Ogromna dynamika i skala zmian notowanych na globalnym rynku fotowoltaicznym sprawia, że zmiany te zaskakują samych uczestników rynku. Tym bardziej trudno nadążyć za nimi otoczeniu biznesowemu i politycznemu, które jest luźniej związane z sektorem PV, ale którego decyzje nadają tym zmianom kształt. Jeszcze do niedawna w powszechnej opinii wyrażanej choćby przez polityków czy przedstawicieli branży energetycznej bazujących na nieaktualnych analizach fotowoltaika była uznawana za technologię drogą i umykał fakt, że zaledwie w ciągu dwóch lat ceny paneli fotowoltaicznych spadły kilkukrotnie.

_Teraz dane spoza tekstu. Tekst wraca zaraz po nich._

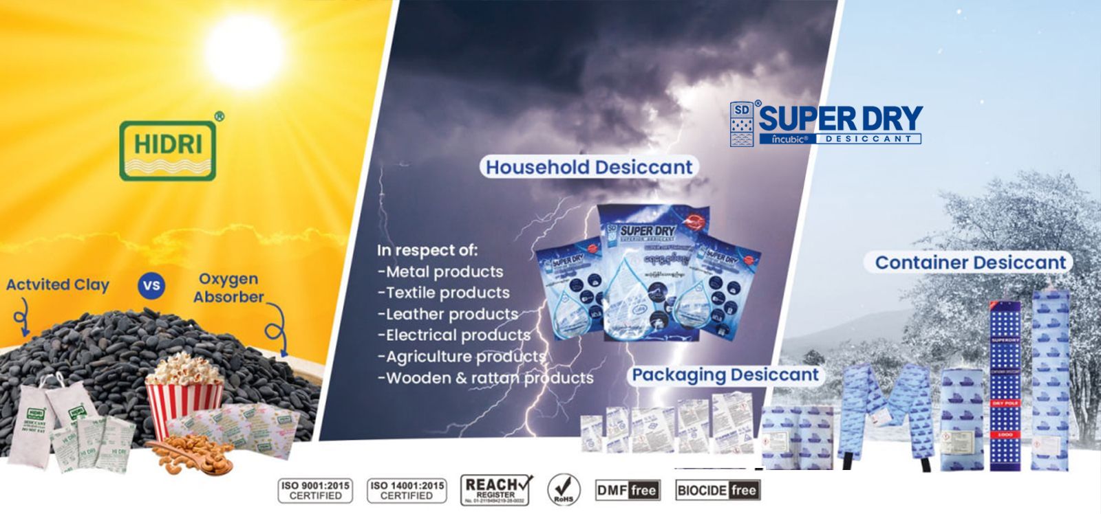 ကျွန်တော်များ Tint Sabei Trading Co., Ltd သည် ၂၀၁၂တွင် စတင်တည်ထောင်ခဲ့ပြီး container desiccant(ရေငွေ့ စုပ်ပစ္စည်း)အမျိုးအစား အမျိုးမျိုးကို ပြည်ပမှ အဓိက တင်သွင်းပြီး မြန်မာနိုင်ငံအတွင်း ဖြန့်ဖြူး ရောင်းချနေသော ကုမ္ပဏီဖြစ်ပါသည်။အထူးသဖြင့် Super Dry Container Desiccant အမျိုးမျိုးကို မြန်မာနိုင်ငံ အတွင်းတွင် Solely Authorized Distributor အနေဖြင့် ဖြန့် ဖြူး လျက်ရှိပါသည်။ Super Dry သည် Calcium Chloride Desiccant အမျိုးအစားဖြင့် ထုတ်လုပ်ထားပြီး ရေငွေ့ စုပ် ပစ္စည်း အမျိုးအစားတွင် အကောင်းဆုံးသော အမျိုးအစားဖြစ်ပါသည်။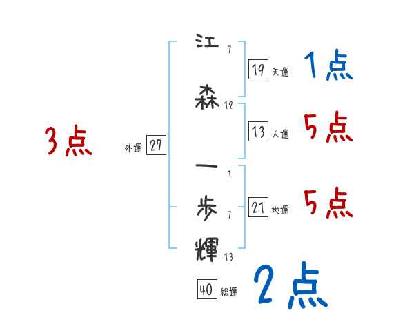 人運![]() | 江森一歩輝さんの人運は13画の5つ星!才能に恵まれ人気がある。名声を手に入れる。円満な人生。 性格や才能などを表す2番目に重要な運勢です。人間関係や協調性、社会的な成功に影響します。主に20歳から50歳ぐらいまでの中年期の運勢を表します。 |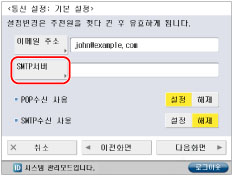SMTP 서버의 IP 주소 또는 이름을 입력하고 → [확인]을 누릅니다.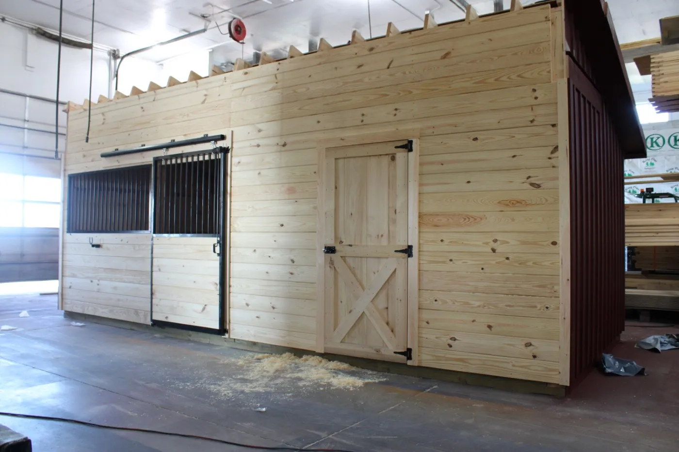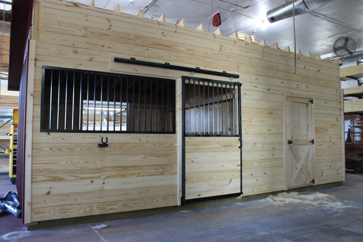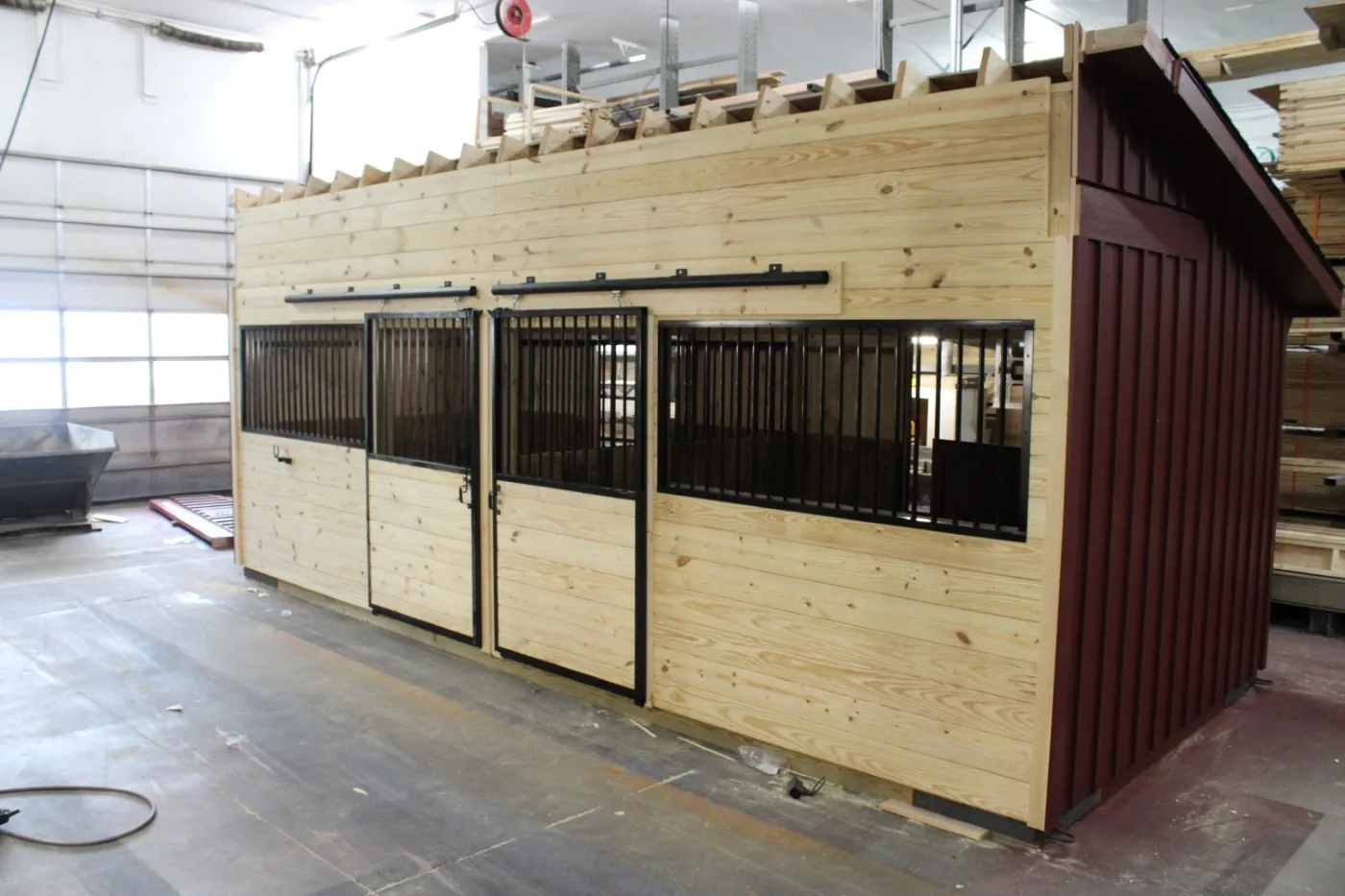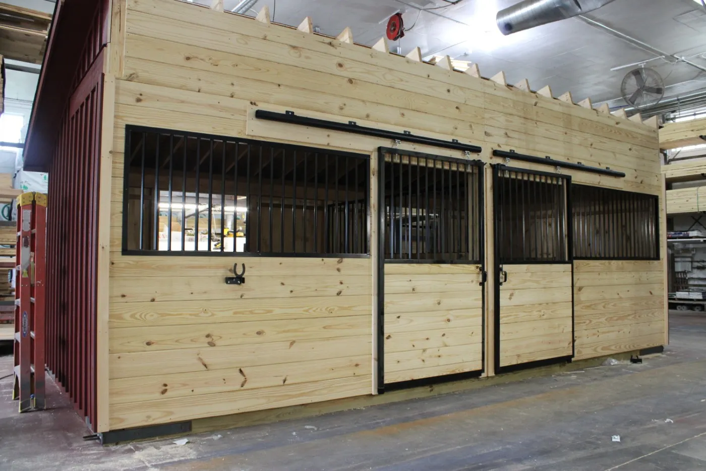 This modular horse barn has (3) 10'x12' stalls and a 10'x12' tack room and a 10'x24' center aisle. The stalls are lined with 4' high oak kick boards and have a sliding stall door into the center aisle and a dutch door with window to the outside. The tack room has floor and a sliding window and a service door into the center aisle. The center aisle has double sliding doors with windows at each end. On each end of the barn, up near the peak, is a gable vent.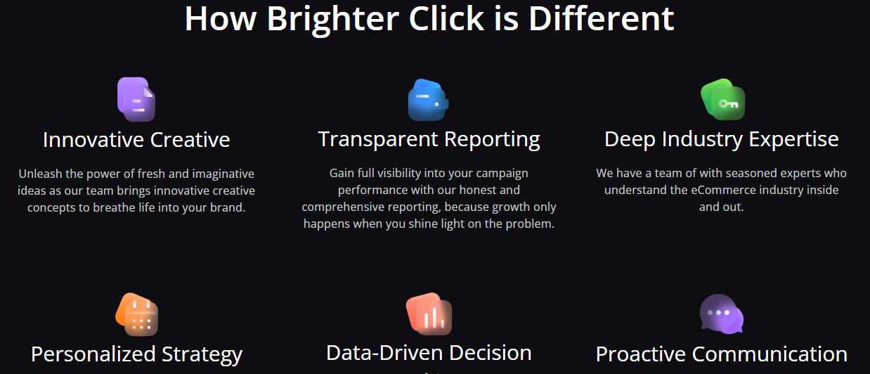 Brighter Click reviews have consistently highlighted our commitment to aligning our marketing solutions with our client's unique needs. This client-centric approach ensures your objectives are met and you thrive in the digital landscape. As your digital ally, Brighter Click is committed to empowering your business with strategic, effective, and measurable online marketing solutions.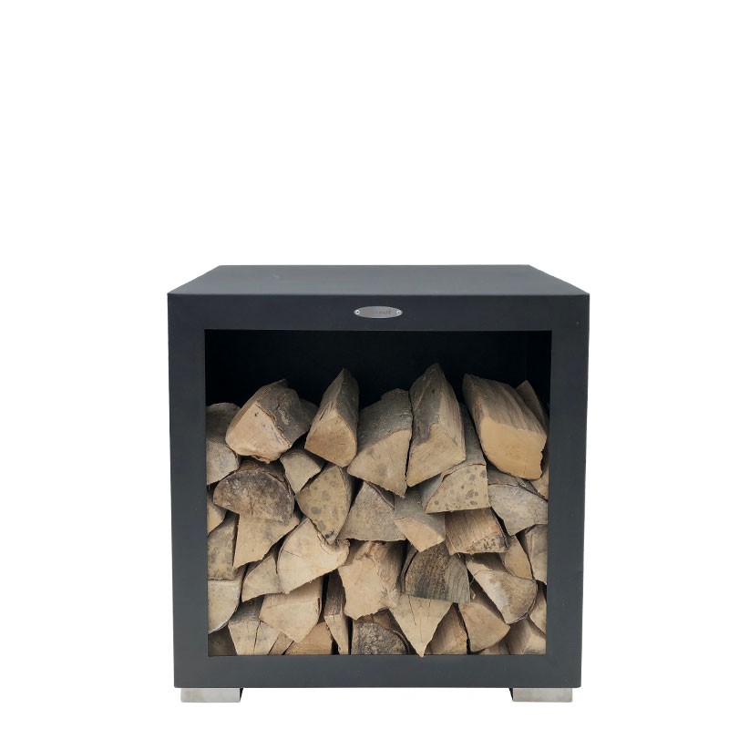 Remundi küttepuuriiul – kompaktne ja stiilne välitingimustes kasutatav küttepuude hoiuriiul, mis on valmistatud tugevast pulbervärvitud terasest ja roostevabast terasest detailidest. Kuubikujuline riiul mitte ainult ei aita hoida kaminas või grillil korda, vaid saab kaasaegseks väliala aktsendiks.
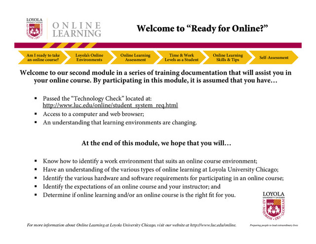 Environments Online Learning Assessment Time & Work Levels as a Student Online Learning Skills & Tips Self-Assessment For more information about Online Learning at Loyola University Chicago, visit our website at http://www.luc.edu/online. Before continuing to the next module, have you: Identi ed a work environment that best suits you in an online course environment; Identi ed and are able to differentiate the various types of online learning at Loyola University Chicago; Determined if your technology meets the hardware and soware requirements for participating in an online course; Identi ed and evaluated the expectations of an online course; and Determined if online learning and/or an online course is the right t for you. If you have answered yes to all of these statements, then please continue on to the next module. If you answered no to any of these statements, please review the relevant content in this module before proceeding to the next training module. Self-Assessment: Am I ready for online learning?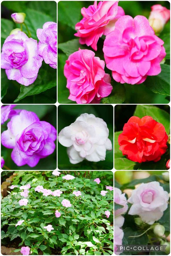 上5種類はイングリッシュガーデンで咲いていた、見事な八重咲きの「インパチェンス'カリフォルニアローズ フィエスタ'シリーズ」。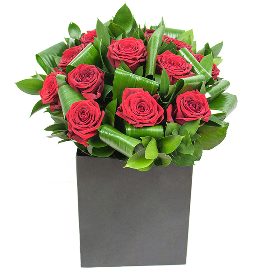 Indulge in the elegance of our premium bouquet, expertly crafted with radiant red roses, complemented by stylish aspidistra leaves and ruscus. Each flower is hand-picked for its superior quality, ensuring that every bloom is fresh and brilliantly vibrant.

Dzisiaj – gdy fakt ten został dostrzeżony choćby przez polski rząd, który tworząc projekt ustawy o OZE zakłada stopniowe obniżanie dopłat dla fotowoltaiki zakładając dalszy, tak dynamiczny spadek kosztów tej technologii – coraz więcej wskazuje, że ceny paneli i całych instalacji PV w najbliższych miesiącach mogą się ustabilizować, a niewykluczony jest nawet ich wzrost.
Wzrost cen chińskich paneli spowodowany nałożeniem ceł przez Brukselę i częściowe zastąpienie ich droższymi panelami „Made in EU” zapoczątkowałoby w Europie nowy etap rozwoju rynku fotowoltaicznego. Ceną za utrzymanie zatrudnienia i kreowanie nowych miejsc pracy w europejskiej branży producentów modułów PV byłoby bowiem obniżenie atrakcyjności fotowoltaiki dla europejskich inwestorów i gospodarstw domowych, a co się z tym wiąże – oznaczałoby spowolnienie dynamiki rozwoju PV na terenie Unii Europejskiej.